Cecilia4059 gave me this one.


Prompt #51: Showtime

If my endless years of existence taught me one thing, it was the art of patience.

You see, once one transitions from human into vampire, for all intents and purposes, the world ceases to turn. Yeah, sure, the seasons come and go and the pink, delicious-smelling faces around you appear and disappear, but really? It's all the same.

We – as in vampires – are like stone. We never fade, age, or really even change hairstyle.

Thus, the concept of urgency – a human notion driven by their limited life spans – isn't really a thing for us. In fact, as a species, we're rarely in a hurry at all. There's just no need, because we have all the time in the world.

That being said, as I stood there in the meadow/battlefield of our choosing, surrounded by my family, my Bella, and the most godawful smelling dogs ever to walk the earth, waiting for the horde of bloodthirsty, stark-raving mad newborns to descend, I discovered that I wasn't patient at all.

In fact, I was very impatient.

And irritated.

And angry.

And furious.

And maybe a little terrified.

Okay, mostly terrified, but I'm sure you can understand.

My Bella, despite the fact that she could and would dress down a pack of slobbering monsters and a coven of vampires all in the same breath and without batting one of her pretty little eyelashes, wasn't the most durable of creatures, you know.

And of course, because God hated me, she wasn't about to let me go fight evil without her… which offended every single one of my cast-in-vampire-stone Victorian and gentlemanly sensibilities.

But that's my issue, not hers.

Hence why after much debate (yelling), instead of being hid away where I wanted her to be, my love stood at my immediate left, wearing a decidedly aggressive expression and her father's old Kevlar vest, and sporting the biggest shotgun I'd ever seen – thanks to Jasper, who, being the soldier he was, had a collection of weaponry that rivaled that of some small countries.

Not that it'd do any real damage against other vampires, but the thing was ear-piercingly loud, and, hey, something was better than nothing.

It had also made my love grin in a disturbingly feral manner when it was given to her.

But then again, she did stab me once.

"Why is she even here, leech?"

I glanced across the field to the tree line, where my arch nemesis-cum-ally pawed at the ground and snorted a puff of steam in the cool morning air.

Fists balling, I turned slightly and, just loud enough he'd hear, muttered out of one side of my mouth. "Have you ever tried reasoning with her?"

The dog snorted again, but then his (and the rest of the pack's) mind filled with image after image of my delicate flower of a mate telling them all where they could go. Yes, my Bella could be surprisingly direct when she wanted to be. And explicit.

"Point taken."

I turned to Alice, who stood on Bella's opposite side, and asked for the thousandth time, "Anything?"

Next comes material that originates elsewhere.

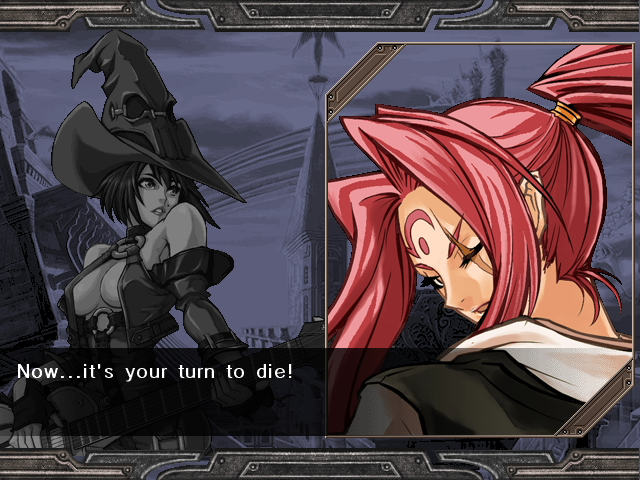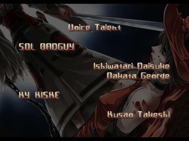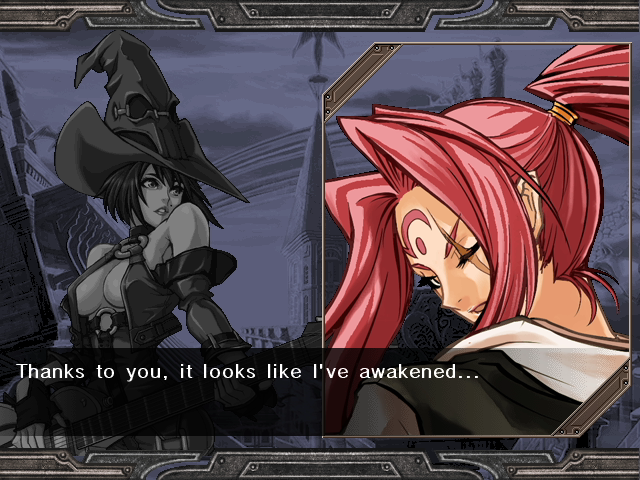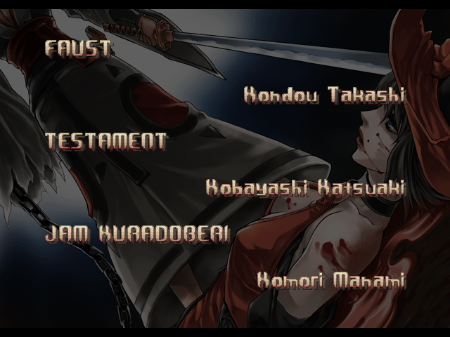 | Home | BackTweet | Arcade Mode | - Story Mode - | | A.B.A | Anji-Mito | Axl Low | Baiken | Bridget | Chipp Zanuff | Dizzy | Eddie | Faust | - I-No - | Jam | Johnny | Justice | Kliff Undersn | | Ky-Kiske | May | Millia Rage | Order-Sol | Potemkin | Robo-Ky | Slayer | Sol-Badguy | Testament | Venom | Zappa | | If Your Final Opponent Is Anji Mito | - If Your Final Opponent Is Baiken - |

Instead of rolling her eyes like she'd normally do, Alice's gaze turned distant and her features pinched in concentration. It took her a moment to speak – which nearly drove me off the deep end – but when she did, the blood in my dead veins froze. "They're just north of Seattle. They'll be here within the hour. They're following her trail."

Bella and Jasper both nodded – a show of camaraderie that was frankly annoying – and said in unison, "Told you it'd work."

I shot my brother-in-law a quick glare before looking down at my love. While she still threw off a dozen signals that said she was ready to lay waste to those asshole vampires, her heart pounded inside her chest, echoing in my head like a kettledrum.

"Are you su–"

"Don't even go there," she said, cutting me off with an elbow to my ribs. "I'm staying and that's that."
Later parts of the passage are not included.